Will San Francisco keep moving on the downtown extension?

On Tuesday at a meeting starting at 10am, the San Francisco County Transportation Authority will consider whether to spend an additional $4.5 million in engineering to assess additional options for the Downtown Extension (DTX) that will continue the Caltrain tracks to the Transbay Transit Center, serving Caltrain and High Speed Rail.

 

Since the Downtown Extension was environmentally reviewed over a decade ago, tunneling technology has advanced, and the city has been exploring options to extend the tunnel further past the 4th and King station, eliminating the need for an awkward, bike-ped-hostile, and also expensive underpass at the 16th and 7th gateway to Mission Bay.

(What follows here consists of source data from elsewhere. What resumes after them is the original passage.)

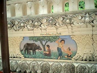| Keywords: 0010รักควาย.JPG รักควายให้ ูก รักลูกให้ตี รักวัวให้ ูกรักลูกให้ตี -- Illustrated Proverb Love ox tie it; love child beat it Phra That Phanom chedi Amphoe That Phanom Nakhon Phanom Province northeastern Thailand 2004-06-21 Pawyi Lee Public domain Reliefs in Thailand Wat Phra Tat Phanom Water buffaloes in art in Thailand Cows in art Proverbs in art Thai proverbs |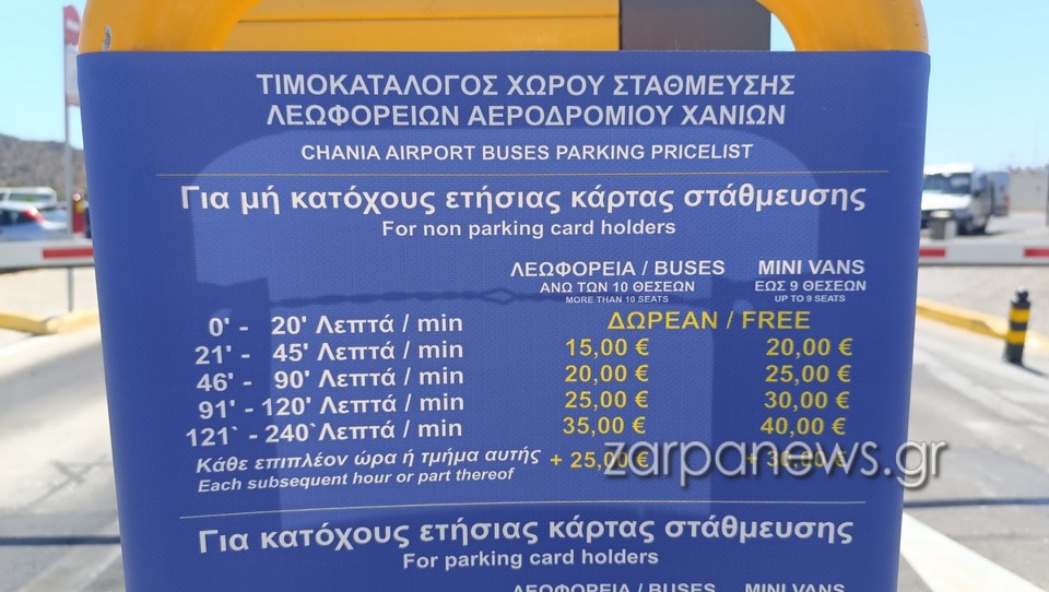 Όπως εξηγεί στο zarpanews.gr ο αντιπρόεδρος του συλλόγου τουριστικών λεωφορείων στα Χανιά, Κώστας Σταυρουλάκης, το ποσό αυτό αφορά 1:30 ώρα στάθμευσης τη φορά για όλο το χρόνο. Διαφορετικά, δίνεται… δωρεάν δυνατότητα 20 λεπτών στάθμευσης και αμέσως μετά η χρέωση είναι 15 ευρώ, όπως άλλωστε φαίνεται και στην σχετική πινακίδα που έχει τοποθετηθεί στην είσοδο του χώρου: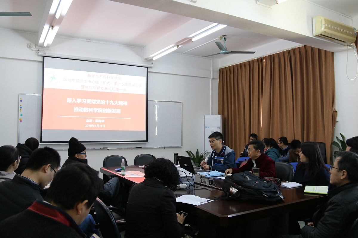 2018年1月11日下午,在校本部一教1211室,数学与系统科学学院举行党总支中心组(扩大)2018年第一次专题学习会暨学院创新发展论坛第一讲。学院中心组成员及骨干教师代表出席了会议。会议由党总支书记房亚兵主持。

San Francisco Planning has been conducting a multi-dimensional study considering a range of factors including adding buildings on land currently used by Caltrain to park trains; taking down and boulevardizing the stub end of I280 – an option that was panned by car-preferring neighbors; and alternative alignments for the tracks including moving a Caltrain station into Mission Bay (see image below for the alignment alternatives).   An important next step in the study will be a community meeting this spring.

The SFCTA discussion about taking the next step to assess DTX alternatives is being held in the context of an update on the DTX options study, and the currently shaky status of federal funding for Caltrain electrification, which passed all the needed federal qualifications, only to be held up for lack of the Transportation Secretary’s signature as the Trump Administration contemplates eliminating all new transit capital funding.

Eliminating or slashing federal funding would slow Caltrain electrification, BART-Silicon Valley, the DTX project, and every other major transit project in the country.

The SFCTA could consider the suddenly chilly climate for federal transit funding and decide to pause further investments in this major piece of the city and region’s transportation infrastructure. Or it could move forward, considering that the climate will likely shift again, and it’s better to have projects ready to go when funding becomes available, whether it’s federal funding as expected, or other regional and state alternatives that could be needed to keep California moving forward while the country moves backwards.

If you’ll be near San Francisco City Hall around 10am, consider stopping by to speak up for the Downtown Extension and continuing forward motion on the region’s transit infrastructure.